**Directions**
Exact repetition of a range: find the line containing "Ingrédients du produit" and the line containing "Пуловер имеет свободный" in the material below, then repeat both and all lines between them, leaving pictures out.

**Data for this task**
=== Section Start ===

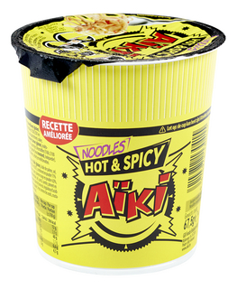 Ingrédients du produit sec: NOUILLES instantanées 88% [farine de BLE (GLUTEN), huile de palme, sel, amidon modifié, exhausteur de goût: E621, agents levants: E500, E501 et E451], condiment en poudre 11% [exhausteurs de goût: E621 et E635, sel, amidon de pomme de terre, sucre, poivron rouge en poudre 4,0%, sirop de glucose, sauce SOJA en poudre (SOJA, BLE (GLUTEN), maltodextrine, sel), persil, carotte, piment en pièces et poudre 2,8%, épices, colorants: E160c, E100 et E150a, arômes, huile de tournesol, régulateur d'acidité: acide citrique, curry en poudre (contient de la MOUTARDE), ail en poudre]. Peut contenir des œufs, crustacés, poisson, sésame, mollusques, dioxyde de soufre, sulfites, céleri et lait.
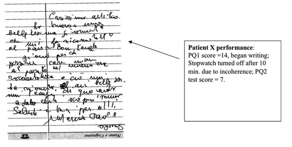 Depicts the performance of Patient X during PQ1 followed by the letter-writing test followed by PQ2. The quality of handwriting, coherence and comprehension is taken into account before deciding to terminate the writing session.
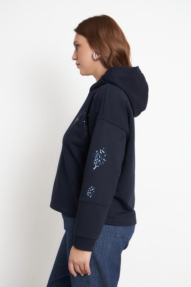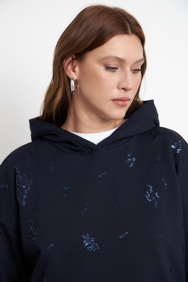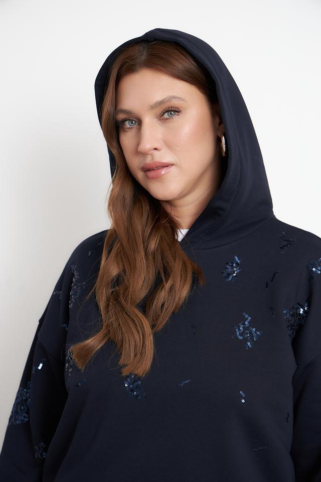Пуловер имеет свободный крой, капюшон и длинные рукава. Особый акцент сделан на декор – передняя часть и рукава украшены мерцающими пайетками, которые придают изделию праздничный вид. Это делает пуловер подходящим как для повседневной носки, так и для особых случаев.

=== Section End ===
=== Section Start ===

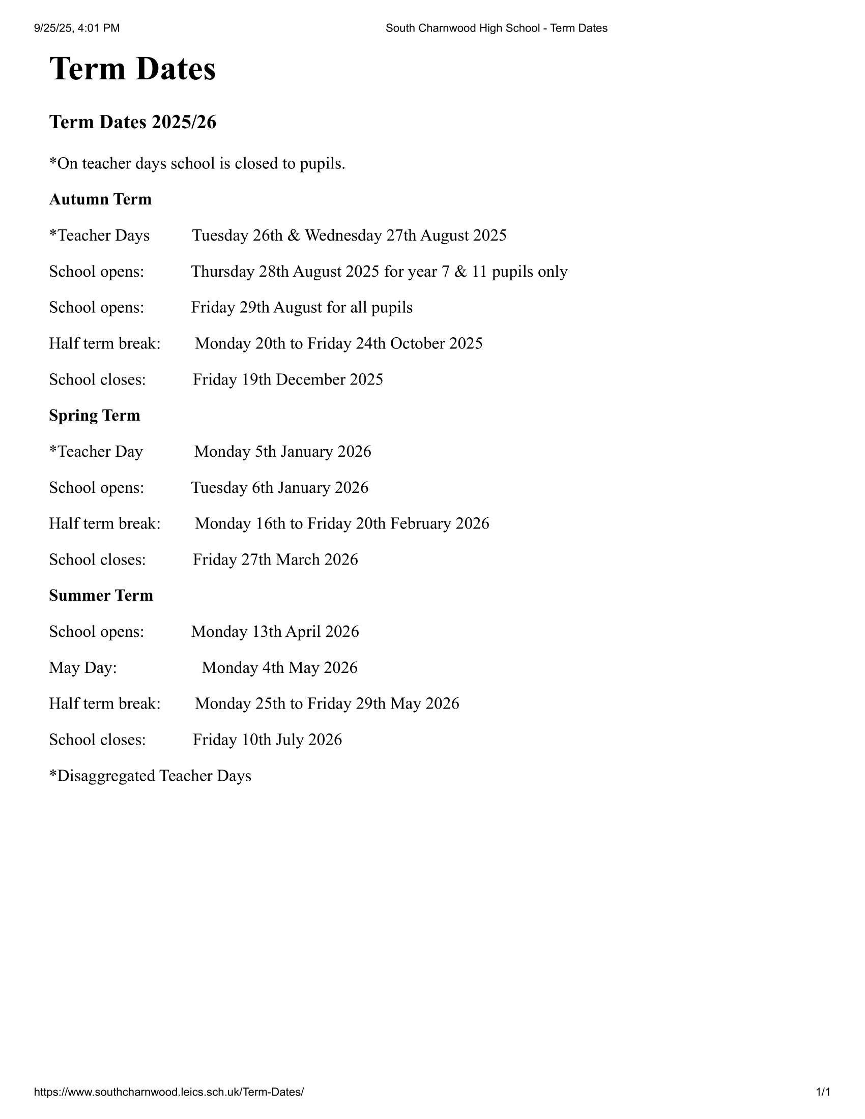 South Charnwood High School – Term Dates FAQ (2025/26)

=== Section End ===
=== Section Start ===

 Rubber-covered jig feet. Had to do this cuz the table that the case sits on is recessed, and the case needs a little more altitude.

=== Section End ===

**Response area**
 Ingrédients du produit sec: NOUILLES instantanées 88% [farine de BLE (GLUTEN), huile de palme, sel, amidon modifié, exhausteur de goût: E621, agents levants: E500, E501 et E451], condiment en poudre 11% [exhausteurs de goût: E621 et E635, sel, amidon de pomme de terre, sucre, poivron rouge en poudre 4,0%, sirop de glucose, sauce SOJA en poudre (SOJA, BLE (GLUTEN), maltodextrine, sel), persil, carotte, piment en pièces et poudre 2,8%, épices, colorants: E160c, E100 et E150a, arômes, huile de tournesol, régulateur d'acidité: acide citrique, curry en poudre (contient de la MOUTARDE), ail en poudre]. Peut contenir des œufs, crustacés, poisson, sésame, mollusques, dioxyde de soufre, sulfites, céleri et lait.
 Depicts the performance of Patient X during PQ1 followed by the letter-writing test followed by PQ2. The quality of handwriting, coherence and comprehension is taken into account before deciding to terminate the writing session.
Пуловер имеет свободный крой, капюшон и длинные рукава. Особый акцент сделан на декор – передняя часть и рукава украшены мерцающими пайетками, которые придают изделию праздничный вид. Это делает пуловер подходящим как для повседневной носки, так и для особых случаев.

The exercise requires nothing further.